Certainly there was something compelling about this new Joe. Mary took the pencil and pad which he offered—and she took them meekly. Until this moment she had always been astonished by the reports which filtered through to Dunsterville of his success in the big city. Of course, nobody had ever doubted his perseverance; but it takes something more than perseverance to fight New York fairly and squarely, and win. And Joe had that something. He had force. He was sure of himself.

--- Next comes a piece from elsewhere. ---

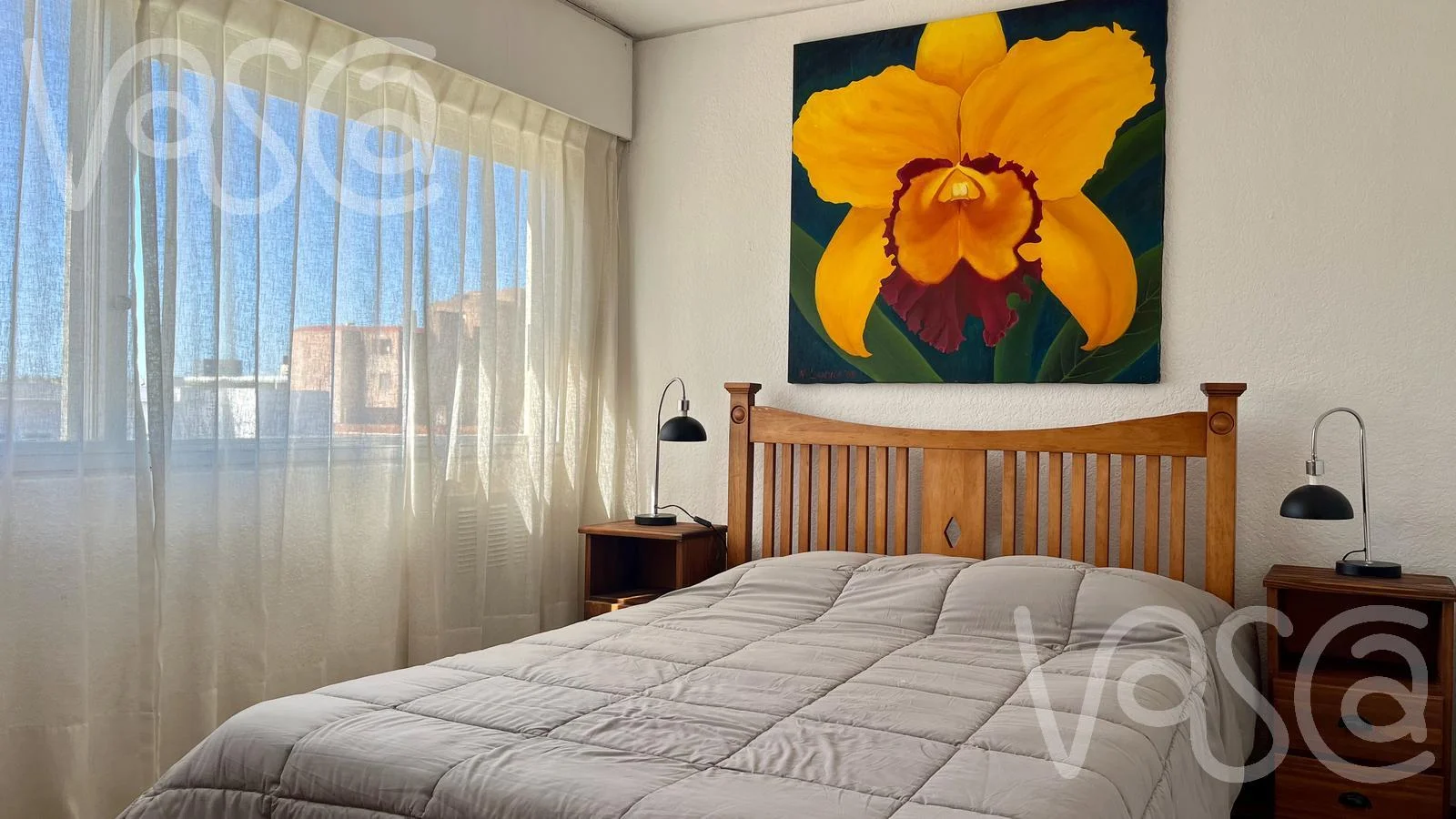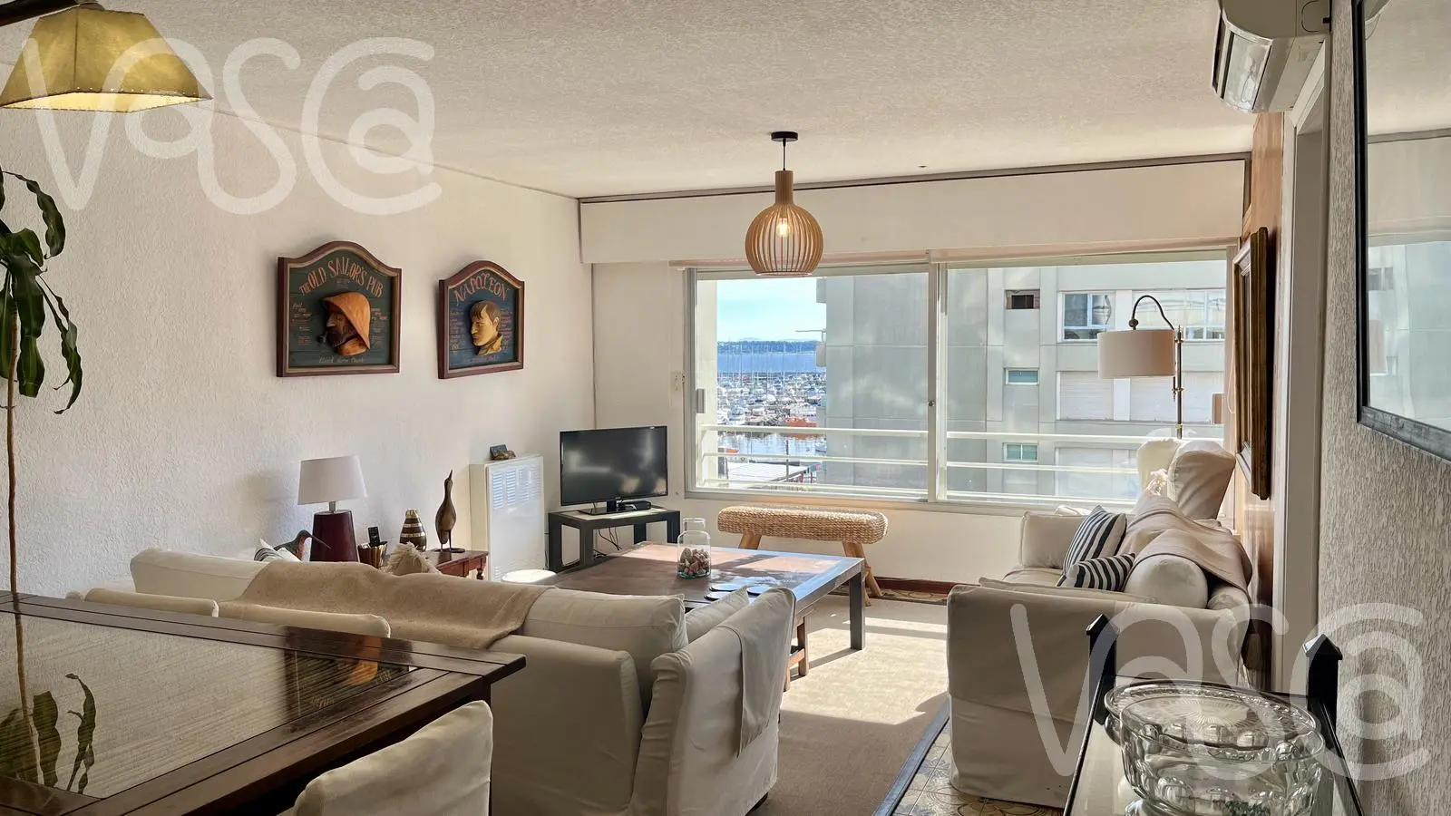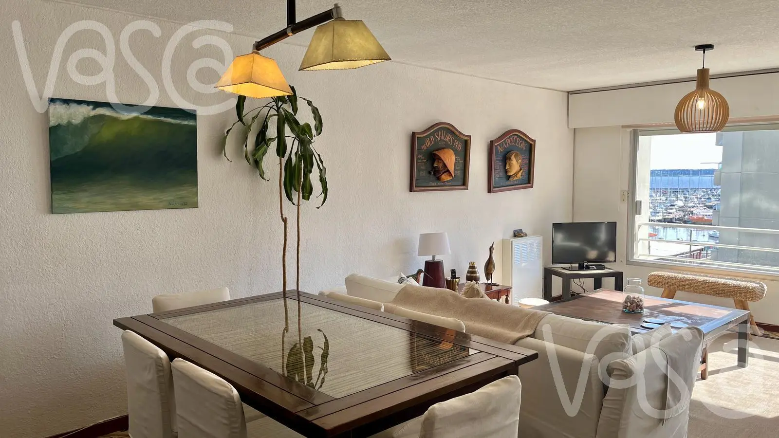 Disfrutá de tu estadía en este luminoso apartamento ubicado en la Península, con una hermosa vista al puerto. Cuenta con un amplio living comedor que invita a relajarse, dos dormitorios con capacidad para 4 personas (1 cama matrimonial y 1 cama marinera), cocina definida reciclada, baño completo reciclado y toilette reciclado.

'Read it please,' he said, when he had finished dictating. 'Yes, that's all right. You'll do.'

For a moment Mary was on the point of refusing. A mad desire gripped her to assert herself, to make plain her resentment at this revolt of the serf. Then she thought of those scuttling, clucking crowds, and her heart failed her.

'Thank you,' she said, in a small voice.

As she spoke the door opened.

'Well, well, well!' said Joe. 'Here we all are! Come in, Eddy. Mary has just been showing me what she can do.'

If time had done much for Joe, it had done more for his fellow-emigrant, Eddy Moore. He had always been good-looking and—according to local standards—presentable. Tall, slim, with dark eyes that made you catch your breath when they looked into yours, and a ready flow of speech, he had been Dunsterville's prize exhibit. And here he was with all his excellence heightened and accentuated by the polish of the city. He had filled out. His clothes were wonderful. And his voice, when he spoke, had just that same musical quality.

'So you and Joe have fixed it up? Capital! Shall we all go and lunch somewhere?'

'Got an appointment,' said Joe. 'I'm late already. Be here at two sharp, Mary.' He took up his hat and went out.

The effect of Eddy's suavity had been to make Mary forget the position in which she now stood to Joe. Eddy had created for the moment quite an old-time atmosphere of good fellowship. She hated Joe for shattering this and reminding her that she was his employee. Her quick flush was not lost on Eddy.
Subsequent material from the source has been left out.